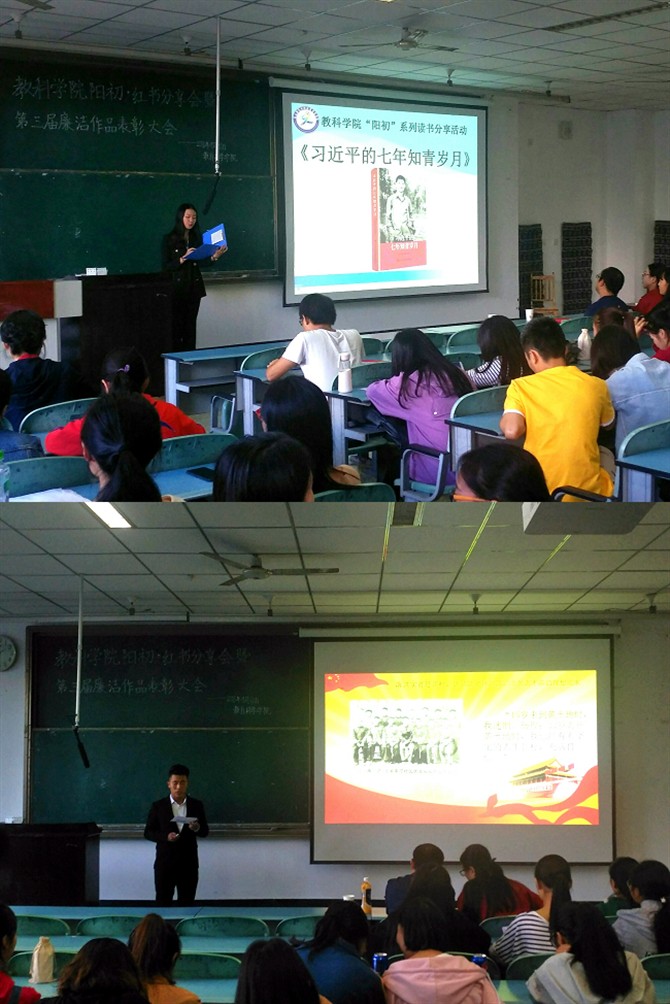 9月28日下午,为鼓舞我院学生做有时代担当的青年,教科学院党建中心在行知楼125教室举办“阳初”系列活动《习近平的七年知青岁月》读书分享会暨第三届廉洁文化作品颁奖仪式。宣传部副部长蒋政、教科学院党总支书记杨霞、辅导员袁立方老师、魏逍老师参加了本次活动,我院各班学生代表及文新学院、音乐学院和数信学院的学生代表参加了本次活动。
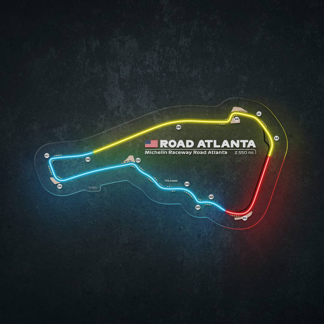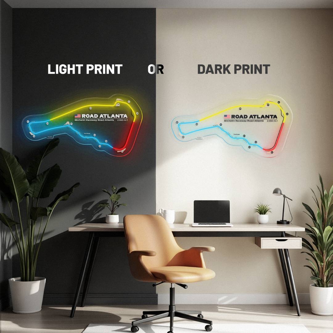 This Road Atlanta Neon Race Track silhouette will add a bright spark of light to any room. Each track features the 3 iconic colors of Formula 1, the race track name alongside the distance and the country it's located in. It's the perfect way to add some color and improve the overall look while catching the attention of anyone, racing enthusiast or not.
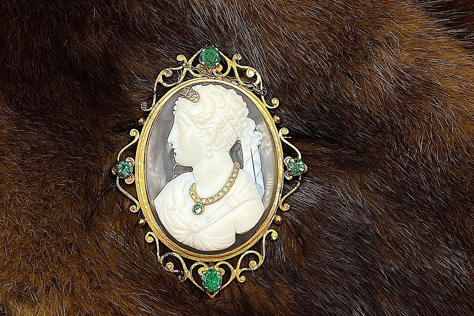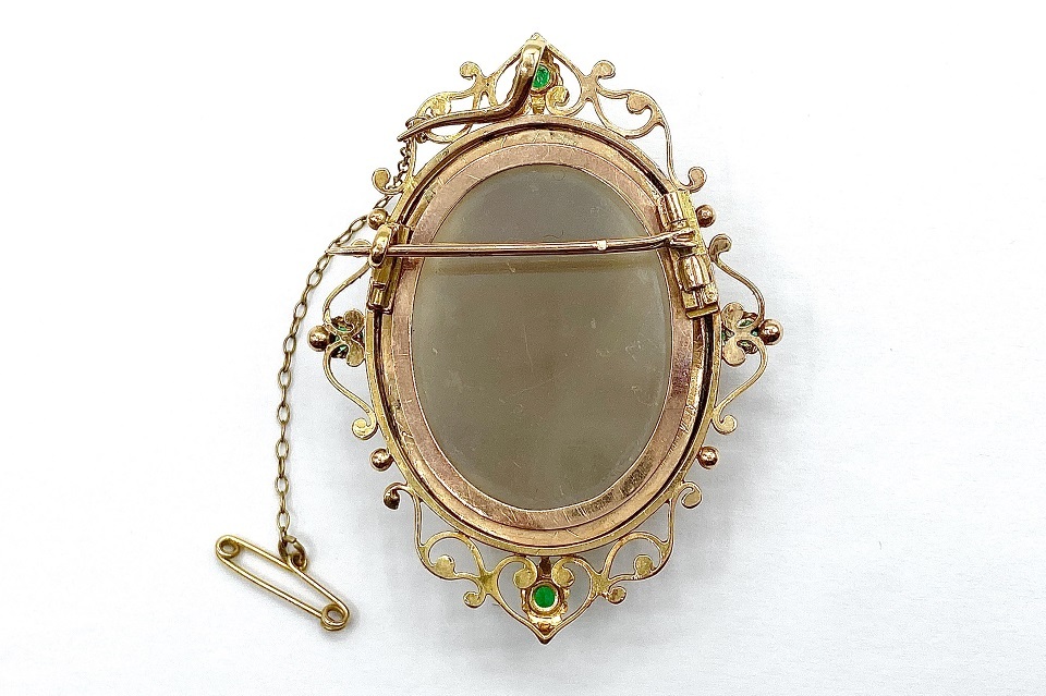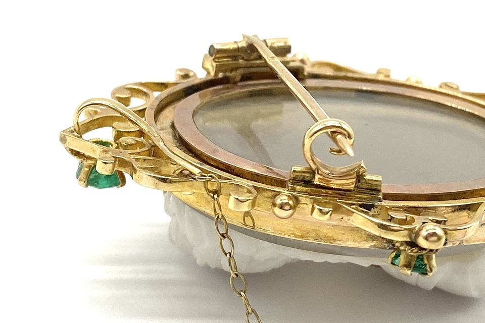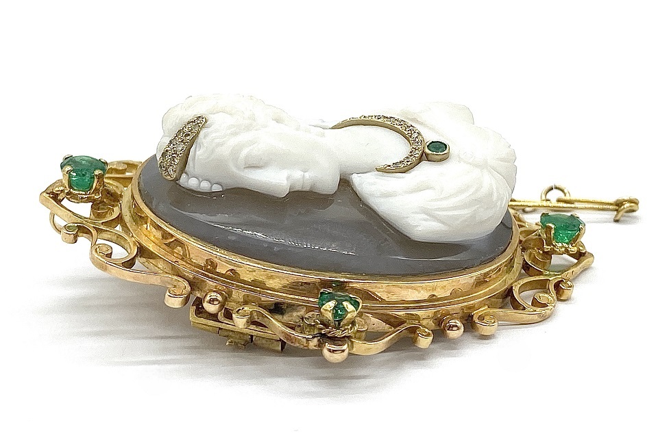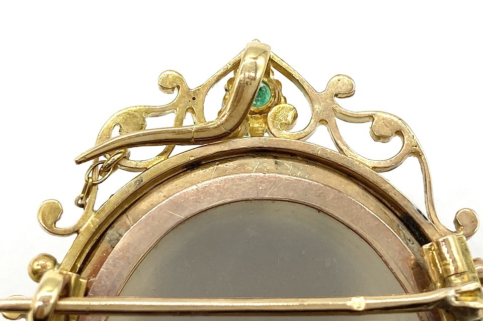 品名 | 【Stone Cameo 】 K18YG/PGストーンカメオ エメラルド ダイヤモンドペントップ兼ブローチ |
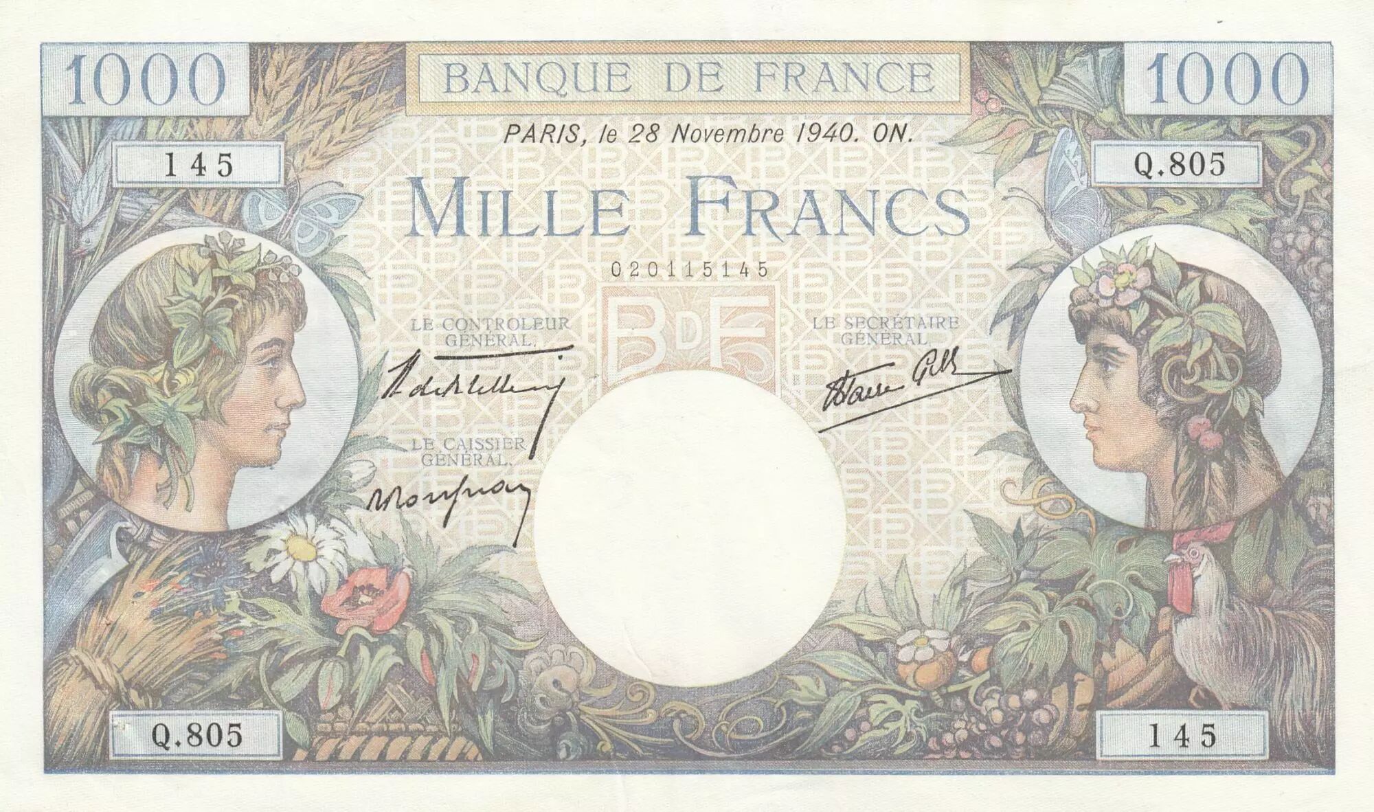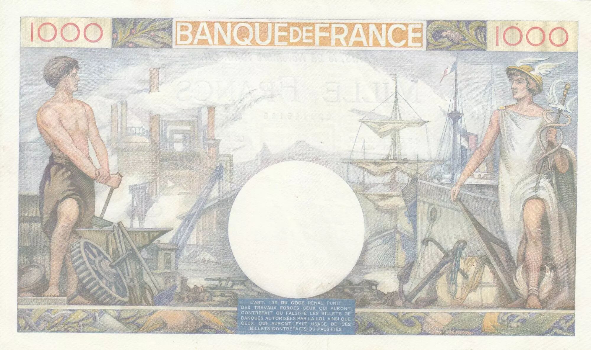 Home > > France 1000 Francs - Commerce and Industry - 28-11-1940 - Serial Q.805 - P.96a

What to do: In the data above, the stretch from the line with "This Road Atlanta" through the line with "品名 | 【Stone" is to be returned exactly, minus any pictures.

Written response:
 This Road Atlanta Neon Race Track silhouette will add a bright spark of light to any room. Each track features the 3 iconic colors of Formula 1, the race track name alongside the distance and the country it's located in. It's the perfect way to add some color and improve the overall look while catching the attention of anyone, racing enthusiast or not.
 品名 | 【Stone Cameo 】 K18YG/PGストーンカメオ エメラルド ダイヤモンドペントップ兼ブローチ |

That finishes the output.